Restate word for word the entries below, starting with the line with "キャンプ場の10%OFFクー" and continuing through the line with "Најголема вредност на". Include both of those lines and no others.

:: Entries supplied ::

+ + + + +

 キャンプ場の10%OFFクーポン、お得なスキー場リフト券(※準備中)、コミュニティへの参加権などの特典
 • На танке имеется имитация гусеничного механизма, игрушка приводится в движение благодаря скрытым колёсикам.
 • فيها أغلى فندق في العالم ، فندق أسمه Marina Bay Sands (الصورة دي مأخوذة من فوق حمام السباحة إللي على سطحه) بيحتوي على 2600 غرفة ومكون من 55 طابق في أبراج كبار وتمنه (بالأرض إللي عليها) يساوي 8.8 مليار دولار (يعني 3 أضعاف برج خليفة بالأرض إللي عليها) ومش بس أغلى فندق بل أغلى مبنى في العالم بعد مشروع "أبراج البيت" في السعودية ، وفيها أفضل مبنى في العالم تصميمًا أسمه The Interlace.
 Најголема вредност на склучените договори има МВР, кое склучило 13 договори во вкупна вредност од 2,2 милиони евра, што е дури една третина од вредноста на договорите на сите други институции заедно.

+ + + + +

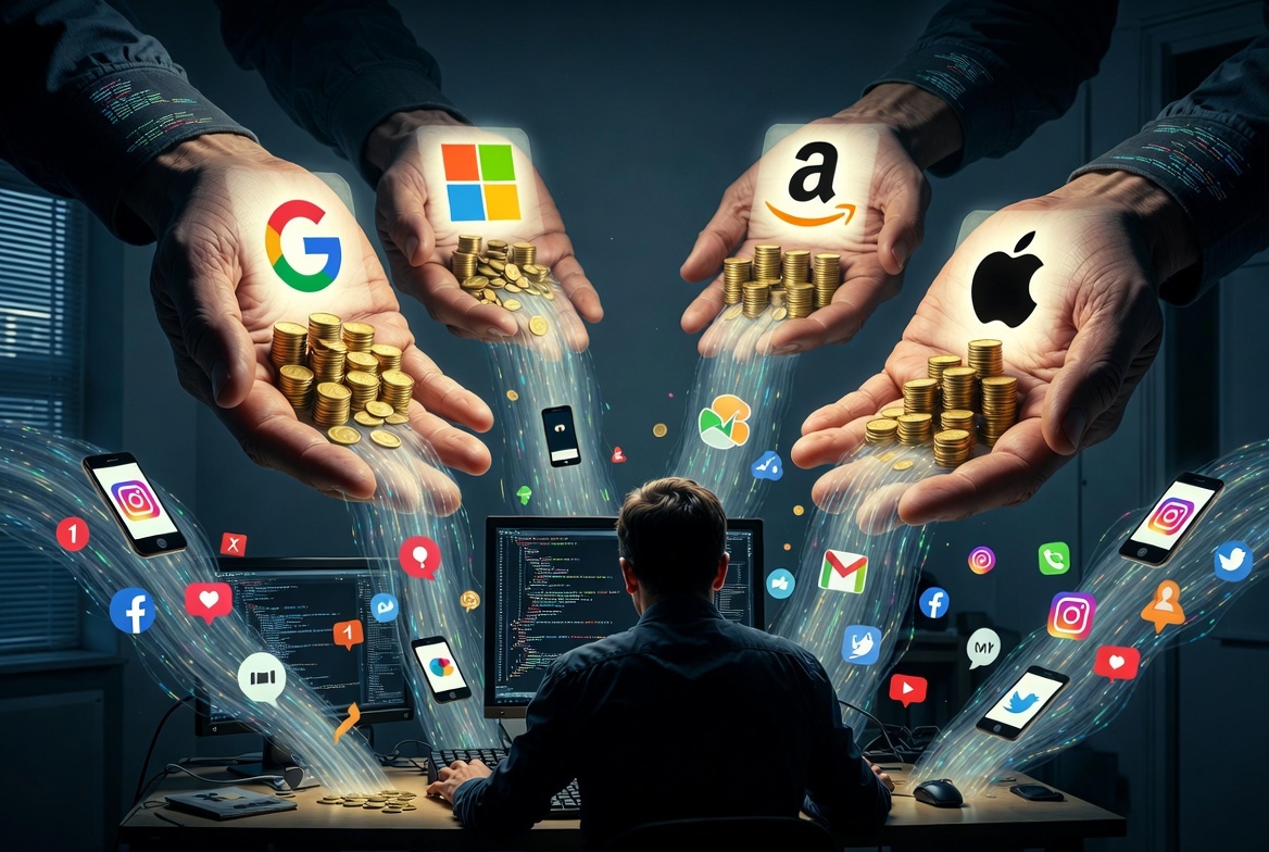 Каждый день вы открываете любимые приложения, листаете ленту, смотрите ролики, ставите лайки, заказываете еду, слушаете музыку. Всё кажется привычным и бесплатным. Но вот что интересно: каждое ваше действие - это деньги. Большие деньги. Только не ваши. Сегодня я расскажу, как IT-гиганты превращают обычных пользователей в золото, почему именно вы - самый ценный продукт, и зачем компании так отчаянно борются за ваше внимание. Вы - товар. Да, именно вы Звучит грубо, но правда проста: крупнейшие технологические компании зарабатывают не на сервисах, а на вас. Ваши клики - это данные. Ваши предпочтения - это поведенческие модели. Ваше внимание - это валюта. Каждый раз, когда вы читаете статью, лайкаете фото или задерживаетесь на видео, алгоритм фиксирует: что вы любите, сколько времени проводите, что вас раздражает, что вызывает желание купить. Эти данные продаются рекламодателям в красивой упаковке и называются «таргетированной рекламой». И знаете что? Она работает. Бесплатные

+ + + + +

:: Result ::
 キャンプ場の10%OFFクーポン、お得なスキー場リフト券(※準備中)、コミュニティへの参加権などの特典
 • На танке имеется имитация гусеничного механизма, игрушка приводится в движение благодаря скрытым колёсикам.
 • فيها أغلى فندق في العالم ، فندق أسمه Marina Bay Sands (الصورة دي مأخوذة من فوق حمام السباحة إللي على سطحه) بيحتوي على 2600 غرفة ومكون من 55 طابق في أبراج كبار وتمنه (بالأرض إللي عليها) يساوي 8.8 مليار دولار (يعني 3 أضعاف برج خليفة بالأرض إللي عليها) ومش بس أغلى فندق بل أغلى مبنى في العالم بعد مشروع "أبراج البيت" في السعودية ، وفيها أفضل مبنى في العالم تصميمًا أسمه The Interlace.
 Најголема вредност на склучените договори има МВР, кое склучило 13 договори во вкупна вредност од 2,2 милиони евра, што е дури една третина од вредноста на договорите на сите други институции заедно.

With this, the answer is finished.